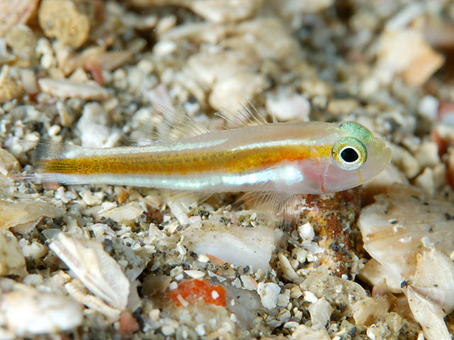 最近伊豆の海は青く暖かい潮に当たっていて、少々深く行ってもライト無しで小物が探せるのが、楽ちんです。そんな明るい海底で見かけたこのハゼ、最初は砂利溜まりに空いた穴の端に引っかかっていたんで、巣穴を持ってるのかと思いきや、撮影してると突然何かが巣穴に飛び込み、その反動で砂溜まりの真ん中に追い出されてしまいました。巣穴はコイツの物ではなかったみたい。見た目はベニハゼの仲間っぽいのですが、こんな表立った所にベニハゼの仲間がいたら、あっという間にオキトラギスかホタテエソの餌食になりそう。。。
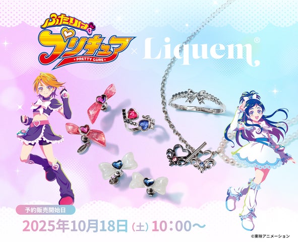 「ふたりはプリキュア」とアクセサリーブランド「Liquem」のコラボレーションアクセサリーが、2025年10月18日(土)10:00より予約販売を開始します。全8種類のラインナップで、2026年3月上旬発送予定です。商品の詳細や予約方法を詳しく紹介しますので、ぜひ参考にしてください。
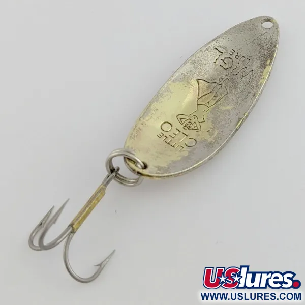 Iškaltas kultinis „Hula Girl“ siluetas kitoje pusėje iškart leidžia atpažinti šią 14 g (1/2 oz) blizgę kaip klasikinę Little Cleo iš originaliosios Seneca eros. Šis 5,5 cm (2 1/4") ilgio egzempliorius pasižymi dviejų tonų nikelio ir žalvario apdaila, kuri atspindi nuoširdų daug mačiusios masalų dėžutės charakterį, įvertintą 3/5 būkle. Prieš Acme Tackle įsigijimą devintojo dešimtmečio pradžioje, Niujorke įsikūrusi Seneca Tackle Company gamino šiuos masalus su detalia šokėjos graviruote – elementu, įkvėptu egzotiškos šokėjos, kurią dainų autorius C.V. „Charlie“ Clark matė 1930-aisiais. Daugelis patyrusių žvejų vis dar tiki, kad šokėjos logotipas yra sėkmės ženklas žvejojant upėtakius ir lašišas Didžiuosiuose ežeruose. Šis konkretas masalas, pažymėtas produkto kodu 24443, turi klasikinę tvirtą furnitūrą ir trišakį kabliuką, pritvirtintą stipriu žiedeliu. Žalvario pagrindas persišviečia pro nikelio sluoksnį išgaubtoje pusėje, sukuriant ryškų vizualinį kontrastą, kuris skiriasi nuo šiuolaikinių perleidimų.
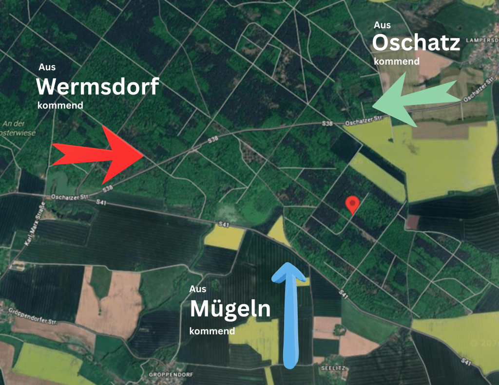Und für alle die noch nie das Vergnügen hatten mit ihrem Hund im Schwarzwildgatter Wermsdorf zu arbeiten, hier eine kleine Anfahrtskizze:
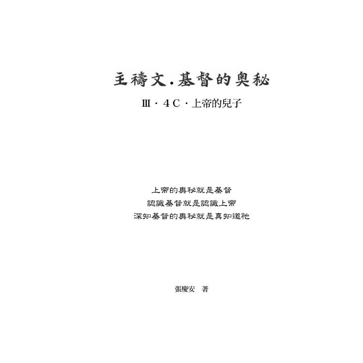 兩千年來,無數的基督徒盡力認識基督。從認識基督,而認識上帝。在這本書中,
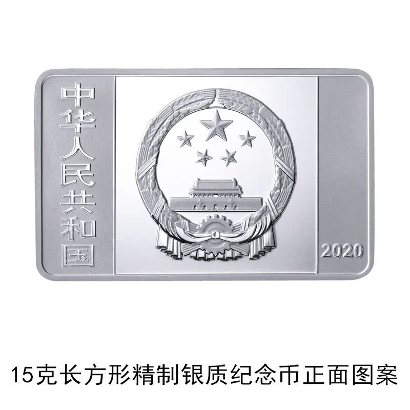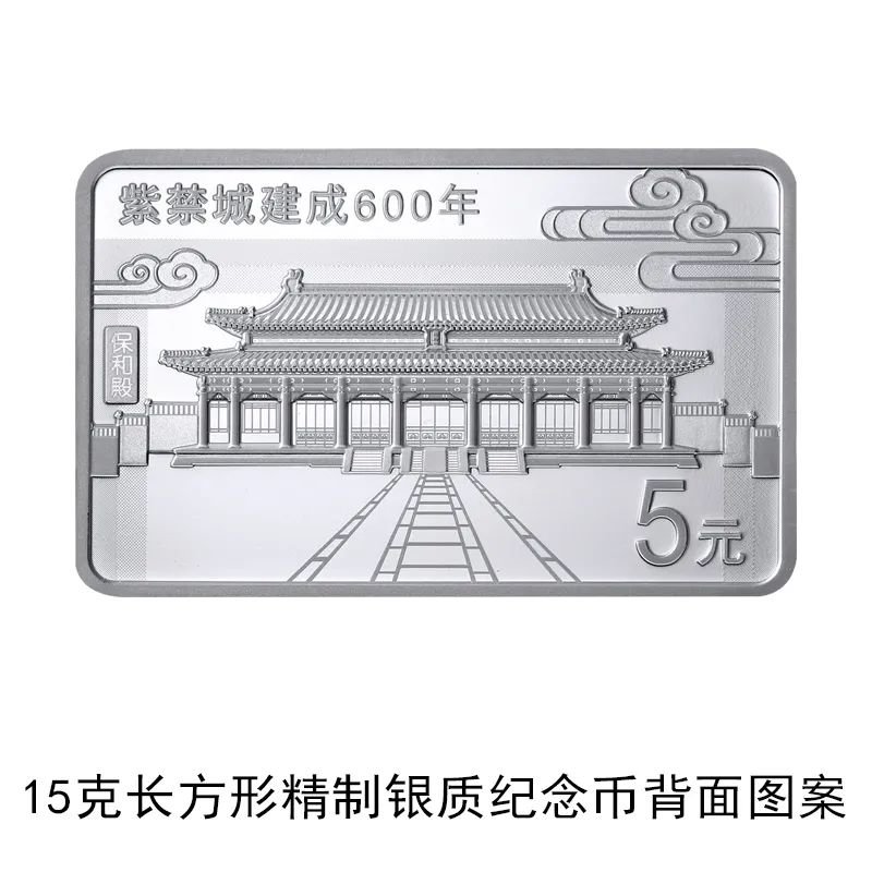 15克长方形银质纪念币背面图案为保和殿建筑造型,辅以祥云及台基等组合设计。
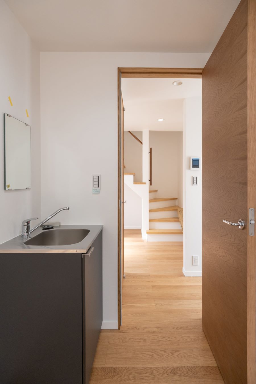 40㎜厚の突板制のドア。しっかりとした重量感があり、閉じたときの手応えや音に品質を感じていただけます。天然のウォルナットの突板に柔軟性のあるウレタン塗装仕上げ。ウォルナットは表面が固く、昔から高級素材として重宝されてきた木のひとつです。
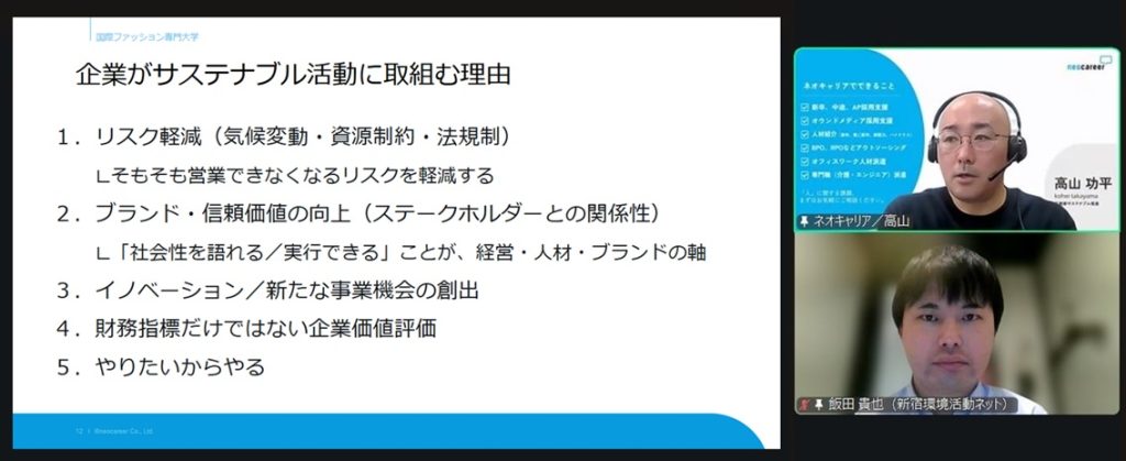 冒頭では、当社の事業概要を紹介した上で、なぜ今、企業がサステナブル活動に取り組む必要があるのかを、消費者の価値観の変化や社会背景とともに解説。さらに、財務情報だけでは測れない「非財務価値」の重要性に触れ、企業の信頼や共感、社会性が中長期的な企業価値につながることをお伝えしました。
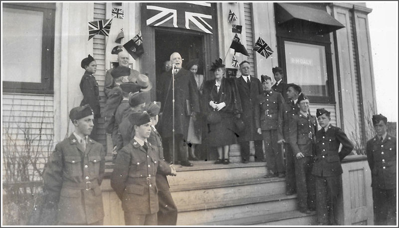 Minister Louis St. Laurent on the steps of the old bank, then serving
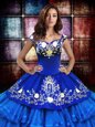 Captivating Off the Shoulder Floor Length Turquoise Quince Ball Gowns Organza Sleeveless Embroidery and Ruffled Layers
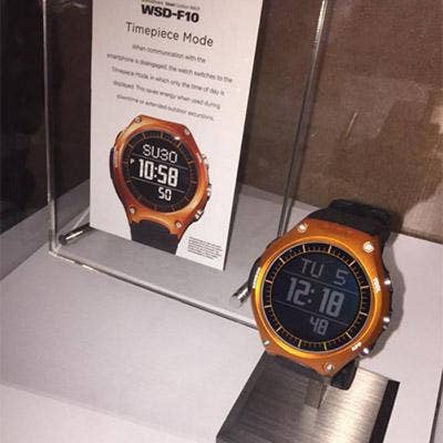 The Casio Outdoor Watch will be available in April, with color options of red, green, orange or black, and will cost around $500.

* _WORK REQUIRED_
Only the lines from the one containing "Captivating Off the" through the last line of the data above, both included, belong in the reply, each restated exactly and without pictures.

* _RESPONSE_
 Captivating Off the Shoulder Floor Length Turquoise Quince Ball Gowns Organza Sleeveless Embroidery and Ruffled Layers
 The Casio Outdoor Watch will be available in April, with color options of red, green, orange or black, and will cost around $500.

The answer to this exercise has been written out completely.